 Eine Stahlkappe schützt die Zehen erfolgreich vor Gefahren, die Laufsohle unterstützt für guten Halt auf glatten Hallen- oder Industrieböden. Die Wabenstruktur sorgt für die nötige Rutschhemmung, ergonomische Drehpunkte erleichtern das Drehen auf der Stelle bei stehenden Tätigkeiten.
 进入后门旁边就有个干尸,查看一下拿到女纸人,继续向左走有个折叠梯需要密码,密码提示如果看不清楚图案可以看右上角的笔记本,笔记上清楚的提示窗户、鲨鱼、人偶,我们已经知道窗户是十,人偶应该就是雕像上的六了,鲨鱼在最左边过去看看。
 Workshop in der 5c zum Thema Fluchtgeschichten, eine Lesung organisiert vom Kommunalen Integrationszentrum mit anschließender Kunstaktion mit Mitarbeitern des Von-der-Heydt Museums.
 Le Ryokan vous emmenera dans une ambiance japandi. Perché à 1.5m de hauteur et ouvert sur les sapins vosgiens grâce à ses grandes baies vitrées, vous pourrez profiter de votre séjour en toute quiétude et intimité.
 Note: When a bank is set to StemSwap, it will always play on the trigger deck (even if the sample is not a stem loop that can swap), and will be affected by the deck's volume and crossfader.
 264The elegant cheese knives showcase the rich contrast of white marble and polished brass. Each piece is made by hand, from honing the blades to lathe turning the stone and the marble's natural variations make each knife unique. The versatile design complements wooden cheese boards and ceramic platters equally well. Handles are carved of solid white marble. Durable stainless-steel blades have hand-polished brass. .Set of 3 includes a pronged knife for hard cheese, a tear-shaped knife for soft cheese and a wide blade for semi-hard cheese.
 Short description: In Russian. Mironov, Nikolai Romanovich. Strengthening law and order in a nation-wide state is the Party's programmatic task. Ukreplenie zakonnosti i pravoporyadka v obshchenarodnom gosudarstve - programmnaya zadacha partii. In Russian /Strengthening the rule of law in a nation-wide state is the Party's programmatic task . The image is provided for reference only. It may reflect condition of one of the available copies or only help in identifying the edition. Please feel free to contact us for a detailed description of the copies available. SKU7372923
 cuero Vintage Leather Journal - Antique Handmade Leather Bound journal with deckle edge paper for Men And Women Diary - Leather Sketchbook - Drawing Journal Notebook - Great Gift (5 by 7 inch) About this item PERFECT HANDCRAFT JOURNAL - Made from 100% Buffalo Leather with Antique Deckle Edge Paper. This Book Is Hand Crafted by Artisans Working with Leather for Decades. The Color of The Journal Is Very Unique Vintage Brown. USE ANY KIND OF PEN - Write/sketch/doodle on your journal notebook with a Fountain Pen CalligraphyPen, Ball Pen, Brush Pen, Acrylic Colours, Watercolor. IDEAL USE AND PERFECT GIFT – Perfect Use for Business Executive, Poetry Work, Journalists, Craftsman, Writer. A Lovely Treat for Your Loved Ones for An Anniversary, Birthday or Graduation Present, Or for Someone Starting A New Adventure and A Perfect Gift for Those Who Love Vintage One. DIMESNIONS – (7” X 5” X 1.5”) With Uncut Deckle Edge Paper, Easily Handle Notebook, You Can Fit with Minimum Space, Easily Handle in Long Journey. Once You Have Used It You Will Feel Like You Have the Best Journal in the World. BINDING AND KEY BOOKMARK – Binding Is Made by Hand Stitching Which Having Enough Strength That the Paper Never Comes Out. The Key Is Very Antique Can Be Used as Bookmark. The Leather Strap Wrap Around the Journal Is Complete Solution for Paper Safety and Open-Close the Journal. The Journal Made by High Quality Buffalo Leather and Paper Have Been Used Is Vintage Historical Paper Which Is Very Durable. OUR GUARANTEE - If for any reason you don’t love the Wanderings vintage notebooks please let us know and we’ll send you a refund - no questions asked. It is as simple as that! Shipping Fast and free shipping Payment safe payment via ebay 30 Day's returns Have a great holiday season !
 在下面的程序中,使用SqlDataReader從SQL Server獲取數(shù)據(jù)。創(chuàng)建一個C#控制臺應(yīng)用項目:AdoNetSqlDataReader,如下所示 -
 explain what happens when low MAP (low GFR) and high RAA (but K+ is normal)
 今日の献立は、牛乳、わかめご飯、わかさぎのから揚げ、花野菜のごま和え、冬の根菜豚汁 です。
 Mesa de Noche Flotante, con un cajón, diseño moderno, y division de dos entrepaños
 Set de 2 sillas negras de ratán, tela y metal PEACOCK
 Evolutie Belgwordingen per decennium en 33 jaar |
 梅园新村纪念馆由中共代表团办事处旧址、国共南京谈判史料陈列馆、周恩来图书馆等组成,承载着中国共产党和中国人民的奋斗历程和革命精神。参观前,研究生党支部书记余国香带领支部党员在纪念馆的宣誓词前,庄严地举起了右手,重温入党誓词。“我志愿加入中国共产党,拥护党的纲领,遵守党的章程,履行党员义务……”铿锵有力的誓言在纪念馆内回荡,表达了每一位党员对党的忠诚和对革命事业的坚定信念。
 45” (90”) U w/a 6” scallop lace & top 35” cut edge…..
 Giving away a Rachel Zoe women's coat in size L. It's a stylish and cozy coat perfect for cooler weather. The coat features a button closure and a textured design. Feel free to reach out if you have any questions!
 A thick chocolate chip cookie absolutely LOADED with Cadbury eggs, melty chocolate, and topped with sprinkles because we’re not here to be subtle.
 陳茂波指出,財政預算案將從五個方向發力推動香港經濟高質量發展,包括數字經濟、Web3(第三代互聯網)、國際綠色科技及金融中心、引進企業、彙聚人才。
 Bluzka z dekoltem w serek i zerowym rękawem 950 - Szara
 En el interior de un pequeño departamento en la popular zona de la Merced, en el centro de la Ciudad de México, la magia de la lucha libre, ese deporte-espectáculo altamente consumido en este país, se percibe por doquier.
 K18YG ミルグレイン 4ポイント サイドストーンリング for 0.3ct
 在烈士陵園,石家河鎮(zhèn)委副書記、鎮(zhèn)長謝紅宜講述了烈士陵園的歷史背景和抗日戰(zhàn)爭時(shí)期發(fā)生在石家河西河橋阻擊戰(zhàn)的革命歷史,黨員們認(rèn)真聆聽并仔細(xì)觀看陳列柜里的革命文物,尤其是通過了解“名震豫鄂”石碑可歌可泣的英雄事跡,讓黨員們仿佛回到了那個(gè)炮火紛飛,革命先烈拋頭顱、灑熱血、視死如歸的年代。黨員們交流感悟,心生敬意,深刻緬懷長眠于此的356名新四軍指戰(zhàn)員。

--

Exercise prompt
Retype only the lines running from the top of the listing to the line that holds "Le Ryokan vous", both ends included.

Task response
 Eine Stahlkappe schützt die Zehen erfolgreich vor Gefahren, die Laufsohle unterstützt für guten Halt auf glatten Hallen- oder Industrieböden. Die Wabenstruktur sorgt für die nötige Rutschhemmung, ergonomische Drehpunkte erleichtern das Drehen auf der Stelle bei stehenden Tätigkeiten.
 进入后门旁边就有个干尸,查看一下拿到女纸人,继续向左走有个折叠梯需要密码,密码提示如果看不清楚图案可以看右上角的笔记本,笔记上清楚的提示窗户、鲨鱼、人偶,我们已经知道窗户是十,人偶应该就是雕像上的六了,鲨鱼在最左边过去看看。
 Workshop in der 5c zum Thema Fluchtgeschichten, eine Lesung organisiert vom Kommunalen Integrationszentrum mit anschließender Kunstaktion mit Mitarbeitern des Von-der-Heydt Museums.
 Le Ryokan vous emmenera dans une ambiance japandi. Perché à 1.5m de hauteur et ouvert sur les sapins vosgiens grâce à ses grandes baies vitrées, vous pourrez profiter de votre séjour en toute quiétude et intimité.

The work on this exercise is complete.